I'm trying to implement the Iterative Hard Thresholding recovery algorithm for compressive sensing in python. It is a very simple algorithm, given $ \mathbf{y}( = \mathbf{A}\mathbf{x}), \mathbf{A}$, we start with $\mathbf{x}^{[0]}=0$ and update the estimate of $\mathbf{x}$ iteratively with,

$\begin{equation} \mathbf{x}^{[n+1]} = \mathbf{H}_{s}( \mathbf{x}^{[n]} + \mathbf{A}^{T}(\mathbf{y} - \mathbf{Ax}^{[n]})) \end{equation}$

where $\mathbf{H}_{s}(\mathbf{a})$ is the Hard thresholding operator which sets all but $s$ largest magnitude components of $\mathbf{a}$ to zero. $\mathbf{A}$ is the measurement matrix.

from pylab import *

def largestElement(x, n):
    # returns the nth largest element of the vector x
    N = x.shape[0]
    if n > N:
        n = N
    elif n < 1:
        n = 1
    t = np.sort(x)[::-1]
    return t[n-1] # python index starts at 0

# Soft thresholding function
def softThreshold(x, threshold):
    j = np.abs(x) <= threshold
    x[j] = 0
    j = np.abs(x) > threshold
    x[j] = x[j] - np.sign(x[j])*threshold
    return x

# Hard thresholding function
def hardThreshold(x, threshold):
    j = np.abs(x) < threshold
    x[j] = 0
    return x

def reconstructIHT(A, y, s, Its=500, tol=0.001, x=0, verbose=False):
    # recovers a sparse vector x from y using Iterative Hard thresholding Algorithm
    # xhat = reconstructIHT(A, t, T, tol, x, verbose)
    #  Arguments:
    #       A - measurement matrix
    #       y - measurements
    #       s - sparsity level require in reconstruction
    #       Its - max number of iterations (optional)
    #       tol - stopping criteria (optional)
    #       x - original vector used to print progress of MSE (optional)
    #       verbose - print progress (optional)

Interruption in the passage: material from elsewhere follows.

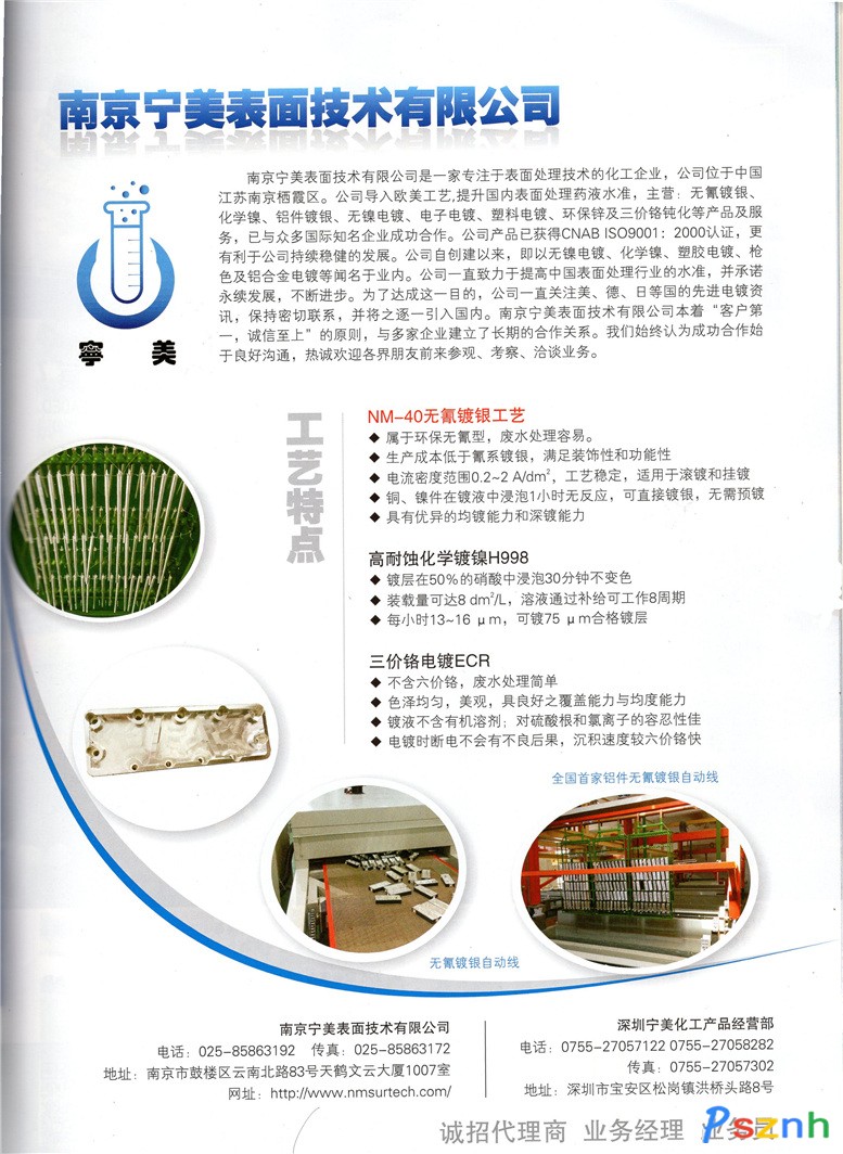 南京寧美表面技術(shù)有限公司 光亮鎳鍍液 電泳漆 塑膠電鍍 槍色 鋁合金電鍍

    # Length of original signal
    N = A.shape[1]

    # Length of measurement vector
    n = A.shape[0]

    # Initial estimate
    xhat = np.zeros(N)

    # Initial residue
    r = y

    for t in xrange(Its):
        # Pre-threshold value
        gamma = xhat + np.dot(A.T, r)

        # Find the s-th largest coefficient of gamma
        threshold = largestElement(np.abs(gamma), s)

        # Estimate the signal (by hard thresholding)
        xhat = hardThreshold(gamma, threshold)

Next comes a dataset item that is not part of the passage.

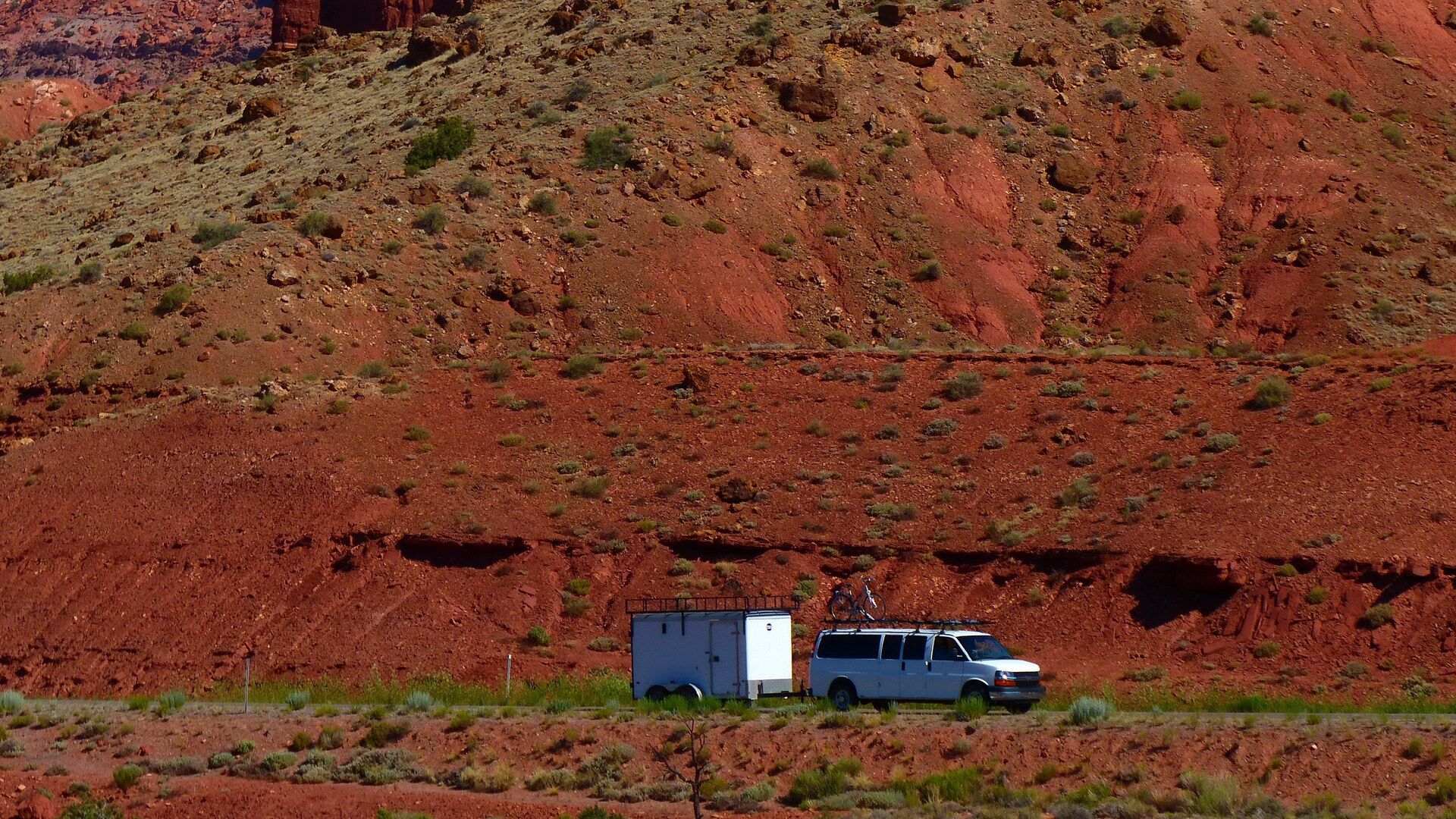 In den drei Wochen durchradeln wir eine Szenerie, die nicht von dieser Welt zu sein scheint, und freuen uns dabei über das warme und trockene Klima. Zu heiß wird es in dieser Jahreszeit an den meisten Tagen noch nicht, bewegen wir uns doch vornehmlich in über 2000 Metern Höhe über die Plateaus des amerikanischen Westens.

        # Compute error, print and plot
        if verbose:
            err = np.mean((x-xhat)**2)
            print "iter# = "+str(t) + " MSE = " + str(err)

        # update the residual
        r = y - np.dot(A, xhat)

        # Stopping criteria
        if np.linalg.norm(r)/np.linalg.norm(y) < tol:
            break

    return xhat


if __name__ == '__main__':
    N = 2000 # signal length
    n = 400  # Number of measurements
    k = 50   # Number of non-zero elements

    T = 200 # Number of iterations

    tol = 0.0001 # Tolerance

    # Generate problem instance
    A = np.random.randn(n,N)
    # normalize to columns to have unit norm
    A = A/np.sqrt(np.sum(A**2, axis=0))

    # Sparse signal x[i] in {+1, -1, 0}
    x = np.sign(np.random.rand(k)-0.5)
    x = np.append(x, np.zeros(N-k))
    x = x[np.random.permutation(np.arange(N))]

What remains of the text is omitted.